LES ORIGINES DE LA RESPONSABILITÉ COLLECTIVE

Introduction

La procédure d’allocation des fonds est liée au remplacement progressif du gouvernement monarchique par le gouvernement ministériel dans l’élément fonctionnel de la Constitution. Bien que le contrôle de l’allocation des fonds par le Parlement soit essentiel à l’exercice responsable du pouvoir par les ministres et se trouve à la base de la responsabilité individuelle des ministres, son évolution a été largement influencée par la tradition de la responsabilité collective et par les moyens mis en oeuvre pour assurer la cohésion du Conseil des ministres.

Le contrôle du Trésor

Le principe qui voulait que la Couronne seule puisse demander aux Communes de lever les impôts et d’autoriser les dépenses destinées aux services civil, militaire et naval a non seulement protégé le contribuable contre la générosité de la Chambre des communes, mais a aussi renforcé la position des Lords du Trésor parmi les ministres du roi. À mesure que les dépenses publiques augmentaient, il devenait de plus en plus important de pouvoir les défendre devant la Chambre des communes. Cette nécessité a été reconnue au début du XVIIIe siècle et la charge de Lord Trésorier a été confiée à un comité afin que plusieurs ministres compétents puissent être présents à la Chambre pour défendre les prévisions budgétaires.1 Les nouveaux lords du Trésor défendaient les dépenses gouvernementales et, réunis en Conseil du Trésor, obligeaient leurs collègues à justifier les projets de dépense dont les Communes auraient à voter l’autorisation. Cette fonction du Trésor, qui consistait à réunir les demandes de fonds émanant des ministres en une seule demande d’autorisation, était essentielle si la Couronne voulait préserver le pouvoir exclusif de demander des crédits à la Chambre des communes. Les autres ministres ne prisaient guère la «pénible suprématie» du Trésor, mais les Lords du Trésor ont pris au sérieux leur responsabilité consistant à contrôler les dépenses publiques, comme les Communes s’y attendaient.2

La réconciliation des prévisions budgétaires a été et demeure un élément essentiel dans l’établissement et le maintien de la solidarité des ministres, et elle garantit que ces derniers conservent la confiance de la Chambre des communes. Cette fonction est à la base de la responsabilité des ministres envers le Parlement. Par ailleurs, parce que les finances influent directement sur l’administration, la réconciliation des prévisions budgétaires garantit que la fonction publique sera administrée selon des normes et modalités dont le respect est essentiel à la cohésion du Conseil des ministres et dont les ministres et leurs collaborateurs doivent rendre compte pour assurer la responsabilité du système.
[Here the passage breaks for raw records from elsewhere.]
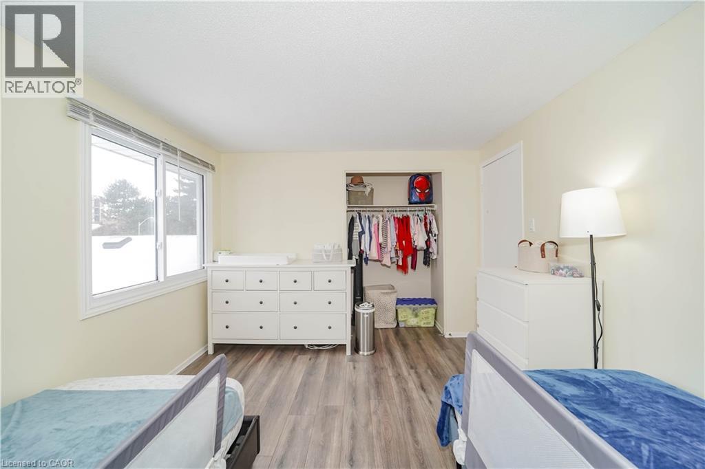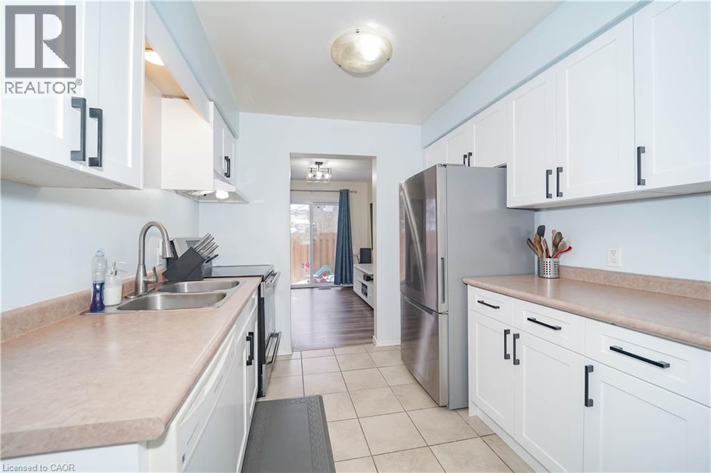 Tucked into a well-managed condo enclave in Waterloo, this stylish 2-storey townhouse offers the perfect blend of functionality and modern comfort. A welcoming tile foyer leads to a bright kitchen featuring stainless steel appliances and a clean, efficient layout ideal for everyday cooking. The open-concept living area with laminate flooring is anchored by a walk-out to a private yard—ideal for hosting or simply enjoying the outdoors in warmer months. Upstairs, you’ll find two generously sized bedrooms, both with laminate flooring and large windows that invite abundant natural light. The primary bedroom boasts a walk-in closet for added convenience, while the second bedroom offers flexibility for guests, a home office, or a nursery. A 3-piece bath on the second level complements the main floor powder room, providing function across both levels. Additional highlights include central air conditioning, gas-forced air heating, ensuite laundry, and a built-in garage with Electric Vehicle Charger installed and with a private driveway providing two parking spaces in total. With maintenance fees covering common elements and building insurance, this unit presents a low-stress ownership opportunity. Positioned in a south-facing exposure, the home captures all-day light and is conveniently located near King Street and Conestoga Parkway, offering easy access to local amenities, shopping, and transit. Whether you're looking to enter the market, downsize smartly, or invest in a desirable area, this turn-key unit offers lasting value in a sought-after Waterloo location. (70005978)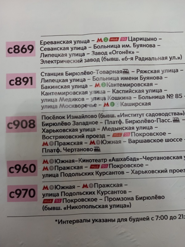 cadet писал(а):Теперь это 826 . Пассажирка - Бирюлёвская - Лебедянская - Липецкая - МКАД - М.Домодедовская - Домодедовская ул. - М.Орехово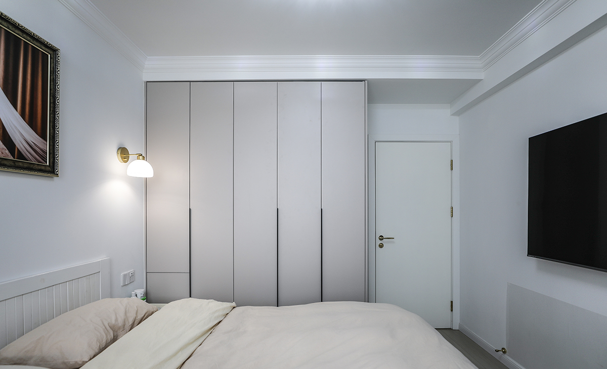 主臥頂面石膏線走邊,不做復雜背景和線條,掛一些裝飾畫,家具更顯自然協調,墻面淺色涂料,1.8床左邊床頭柜右邊梳妝臺,衣柜靠近床頭柜單獨設計門板,更方便實用,整體空間簡單實用為主。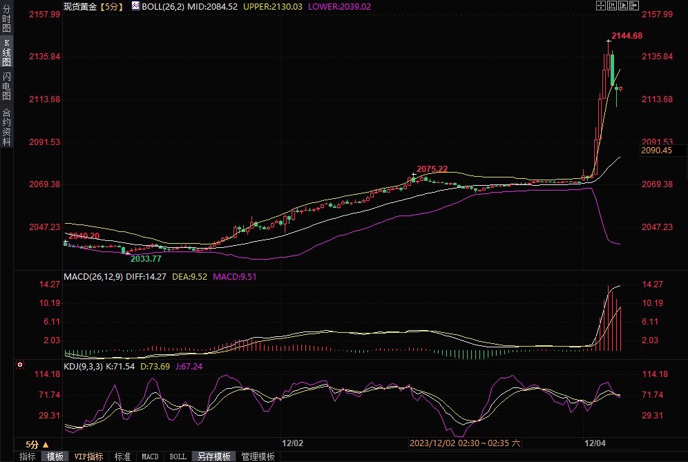 汇通财经APP讯——周一(12月4日)亚市早盘,现货黄金继续飙升,短线一度拉升约70美元,刷新历史高点至2144.68美元/盎司,涨幅约3.54%,延续了上周五涨势,上周五金价上涨1.74%,正好涨至历史高点附近。一方面,在临时停火协议破裂后,以色列军队袭击了加沙地带,令市场对中东战火进一步蔓延的担忧情绪急速升温,给金价提供避险支撑。另一方面,上周五美联储主席鲍威尔讲话偏向鸽派,提升了市场对美联储明年上半年的降息预期,也给金价提供上涨动能。

Le Premier ministre et le Cabinet

En 1721, dix ans après que les fonctions de Trésorier eurent été déléguées à un comité et que le premier Lord Trésorier eut assumé la prérogative de la Couronne touchant la nomination de ses collègues du Trésor, 3 Robert Walpole a reçu les sceaux de chancelier de l’Échiquier, et petit à petit, il a assumé le rôle de Premier ministre du roi. Par suite du développement du système des partis politiques et du passage progressif de la Couronne au second plan de la scène politique, Walpole a été le premier à devenir un vrai Premier ministre selon la tradition constitutionnelle. En tant que président du Conseil du Trésor et chancelier de l’Échiquier, Walpole exerçait une grande influence, sur le plan financier, sur ses collègues et il disposait de «faveurs étendues» dont il faisait usage pour renforcer sa position et pour s’assurer la loyauté du nombre croissant des titulaires de charges publiques.4 À la fin du XVIIIe siècle, même Fox, avec le recul, a fait ces remarques sur les moeurs à l’époque où il participait à la vie politique et plus particulièrement à l’opposition: [traduction] «Le gouvernement d’un grand royaume ne pourrait fonctionner s’il n’avait des postes prestigieux et lucratifs à distribuer à ses membres».5 Et en 1850, Peel, le premier à assumer les fonctions de Premier ministre dans un contexte constitutionnel plus ou moins semblable au nôtre, constatait tout simplement que «le Premier ministre dispense les faveurs de la Couronne.» 6 En résumé, étant donné le contexte politique de l’époque, le contrôle du Trésor ainsi que le favoritisme qui s’y rattachait ont donné naissance au poste de premier ministre (et aux partis politiques).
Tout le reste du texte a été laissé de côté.